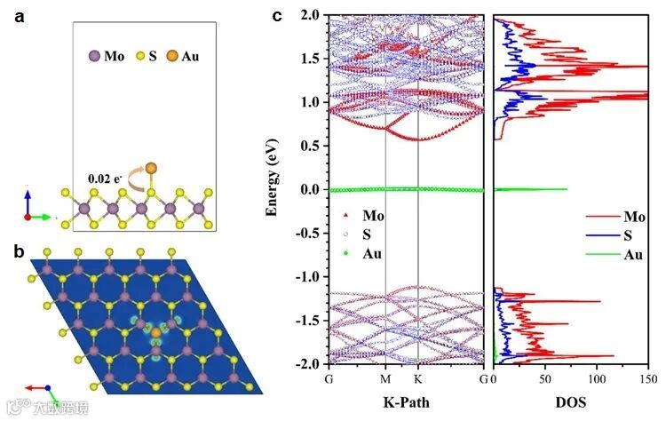 图2. sAu/MoS2 QDs的荧光效率增强机制。(a)最优的sAu/MoS2 QDs的结构侧视图;(b)sAu/MoS2 QDs的电荷密度差分图;(c)sAu/MoS2 QDs的电子能带结构和态密度(DOS)与能级之间的关系曲线图。图片来源:Angew. Chem. Int. Ed.
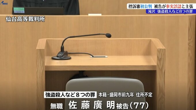 強盗殺人など、8つの罪に問われているのは本籍・盛岡市前九年、住所不定・無職の佐藤廣明被告77歳です。
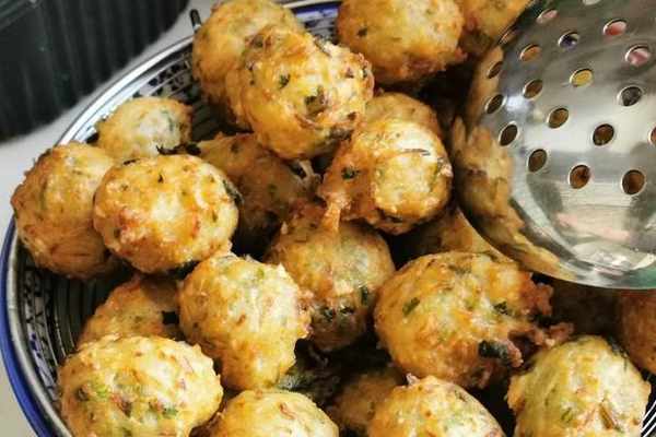 炸蘿卜丸子,蘿卜要用得多一點,另外還要另些香菜,這樣可以給丸子餡提香。另外面糊要調得稠一些,像揉面一樣把蘿卜餡料與面粉充分混合均勻,還要經過醒發再來炸,這樣炸出來才會暄軟蓬松好吃。
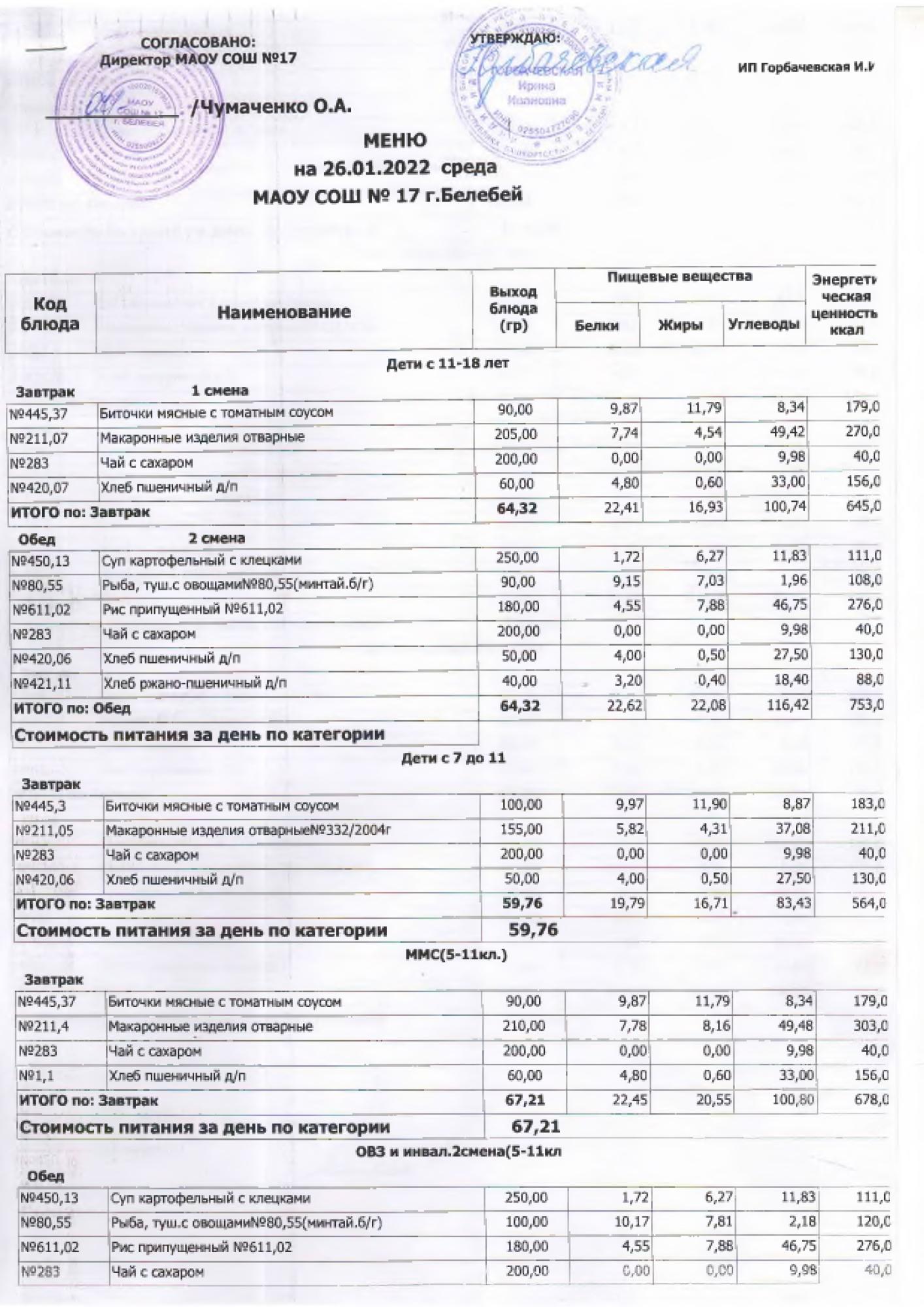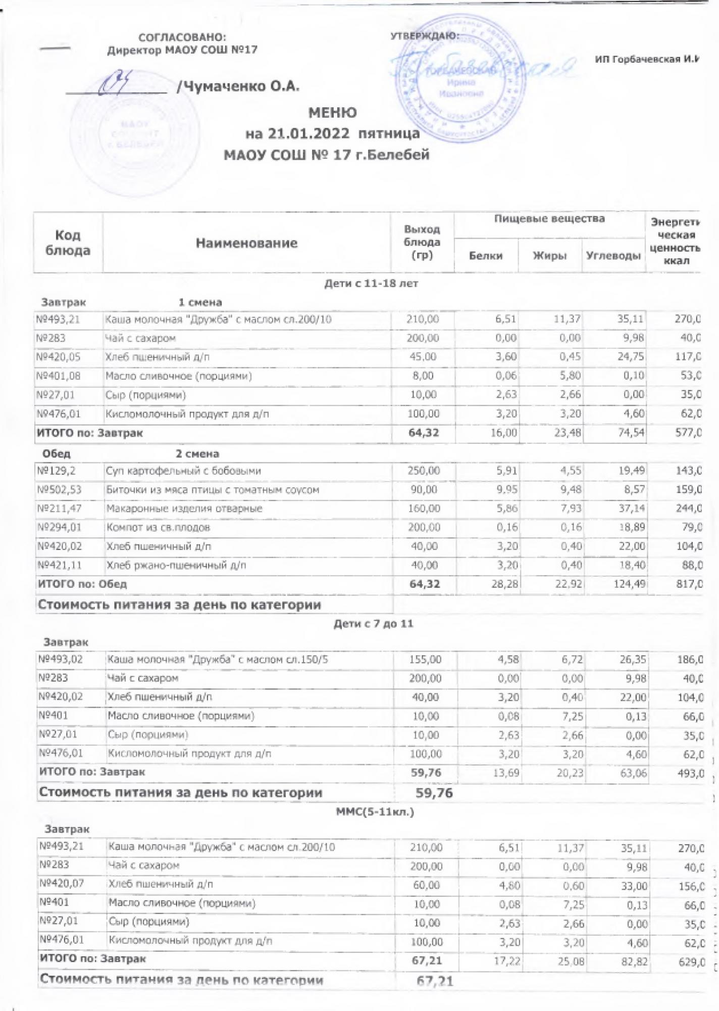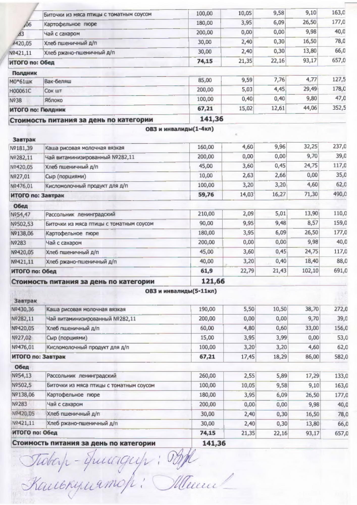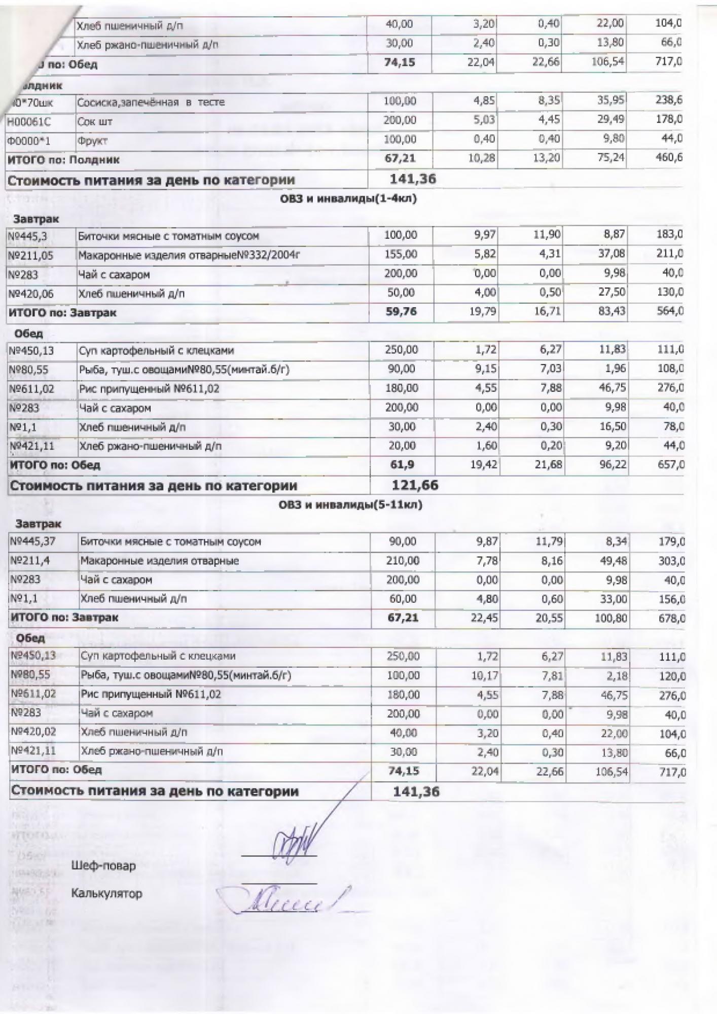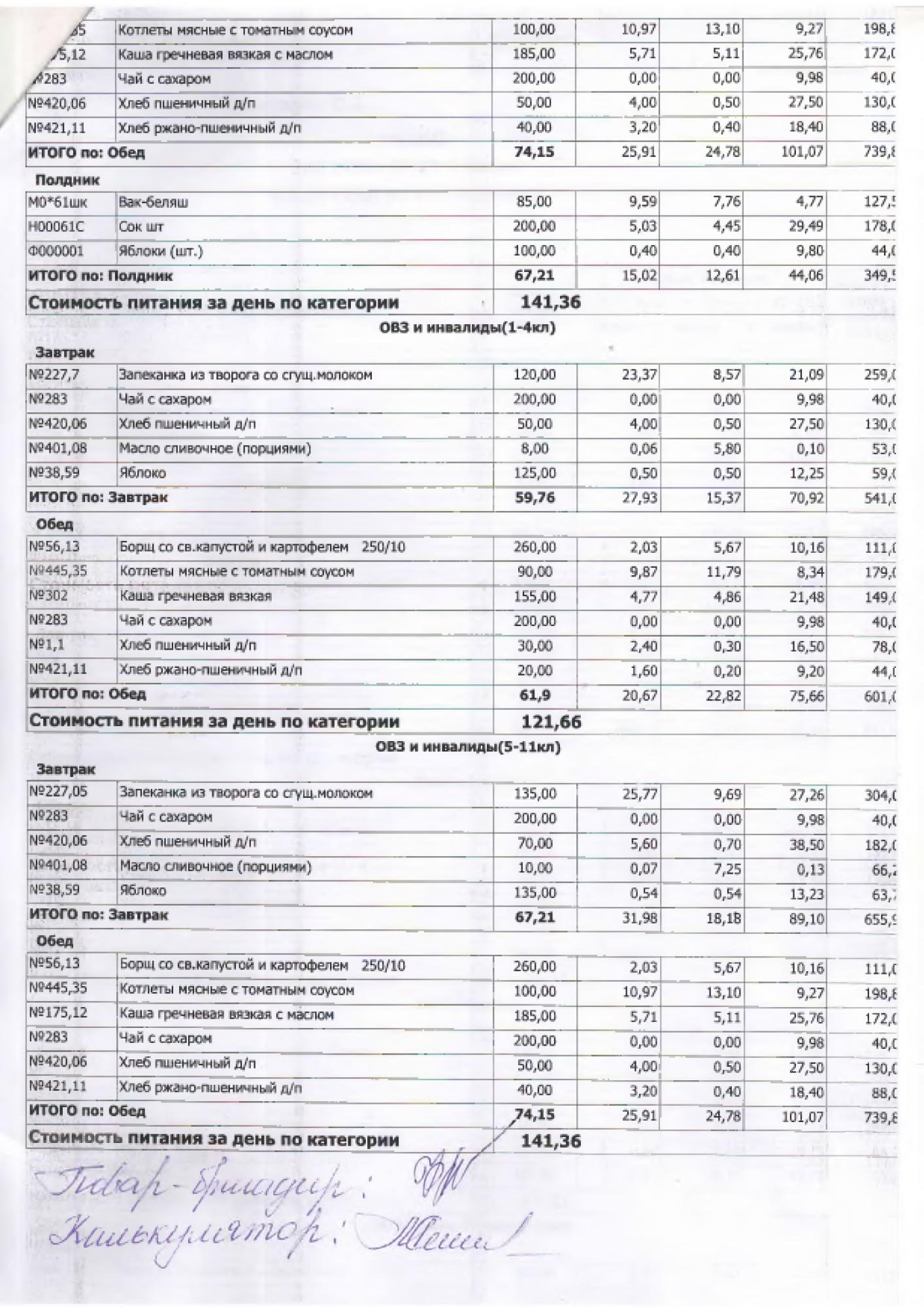 В данном разделе ежедневно размещается фотографии меню и контрольных блюд.
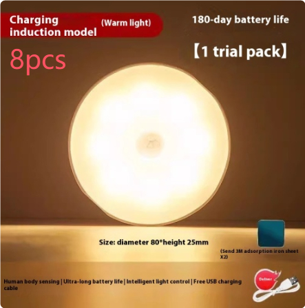 Light color: round small night lamp 80 * 25mm white light, round small night lamp 80 * 25mm warm light

- [PROBLEM REQUIREMENTS] Your copy should repeat each entry above exactly but contain no pictures.

- [RESPONSE BELOW]
 图2. sAu/MoS2 QDs的荧光效率增强机制。(a)最优的sAu/MoS2 QDs的结构侧视图;(b)sAu/MoS2 QDs的电荷密度差分图;(c)sAu/MoS2 QDs的电子能带结构和态密度(DOS)与能级之间的关系曲线图。图片来源:Angew. Chem. Int. Ed.
 強盗殺人など、8つの罪に問われているのは本籍・盛岡市前九年、住所不定・無職の佐藤廣明被告77歳です。
 炸蘿卜丸子,蘿卜要用得多一點,另外還要另些香菜,這樣可以給丸子餡提香。另外面糊要調得稠一些,像揉面一樣把蘿卜餡料與面粉充分混合均勻,還要經過醒發再來炸,這樣炸出來才會暄軟蓬松好吃。
 В данном разделе ежедневно размещается фотографии меню и контрольных блюд.
 Light color: round small night lamp 80 * 25mm white light, round small night lamp 80 * 25mm warm light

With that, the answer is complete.